Chandran opined, the duty will not benefit the cotton farmers as the normal import of 12 to 14 lakh bales per year accounts only around 3 per cent of Indian cotton production and consumption and such cotton is not produced in India. He added, the duty also defeats the government’s policy of addressing an inverted duty structure in the GST especially in cotton which attracts 5 per cent GST.

The import parity pricing policy being adopted by the indigenous fibre manufacturers during the two decades and the recent removal of ADD on PTA curtails the growth of the MMF textile value chain, he adds. It also affects the competitiveness of predominantly MSME based cotton textiles and apparel industry.

Chandran further stated, the MSME and decentralized nature of the yarn, fabric and garment manufacturers in the country are not in a position to take advantage of Advance Authorization Scheme which benefits only the vertically integrated units that account less than 10 per cent of the exports.

The Government had withdrawn the import duty on cotton during July 2008 consequent to the severe recession faced by the industry and also a Nation-wide bandh by the entire cotton textile value chain. When the import duty was there, the multinationals used to cover major volume of cotton and export and thereafter the industry had to import cotton at higher price and thereby the foreign exchange also got affected, he added. Therefore, he urged the Prime Minster to withdraw the 5 per cent BCD and 5 per cent AIDC and also 10 per cent BCD on cotton waste to sustain the global competiveness of the cotton textile value chain and make Aatmanirbar Bharat vision, a reality.

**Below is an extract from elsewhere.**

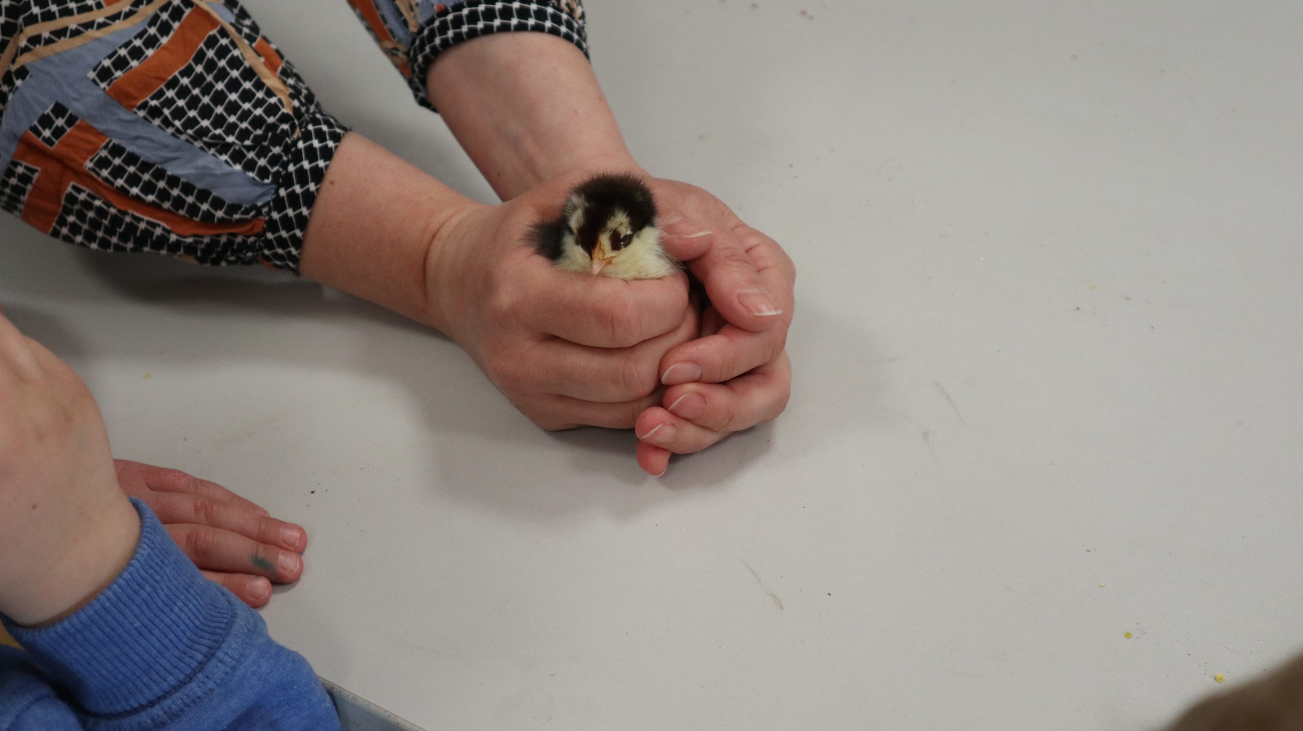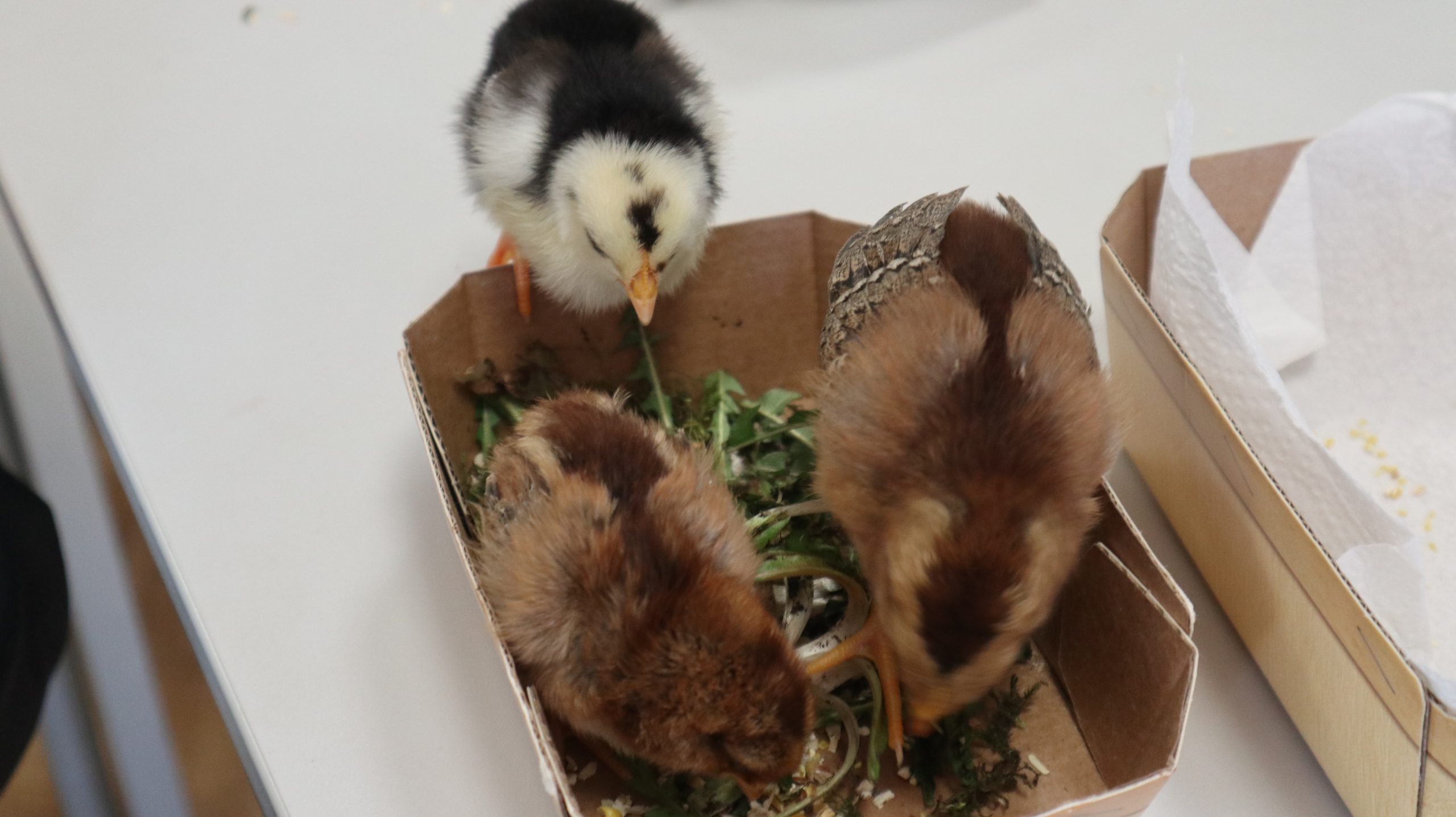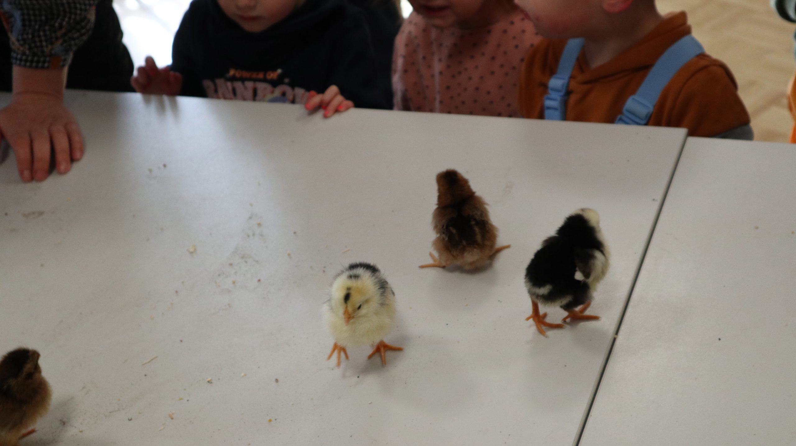 Wir waren mit allen Gruppen nacheinander beim Lernstandort. Dort haben wir die Küken angeguckt, gefüttert und gestreichelt.

Chandran hailed the announcement of MITRA scheme aiming at developing seven mega textile park with plug and play facility and facilitate 40 to 50 leading textile players to become global champions. He has stated that Tamilnadu being the largest textile manufacturing State, is planning to develop three mega parks under MITRA, Andhra Pradesh and Telangana State are already having one such park each. He has stated that this would facilitate attracting large scale investments including FDI and JVs.

Welcoming the allocation of Rs700 crore for TUF Scheme and Rs.80 crore for SITP, Chandran hoped that the additional allocations would be made liberally based on the claims filed by the Ministry of Textiles.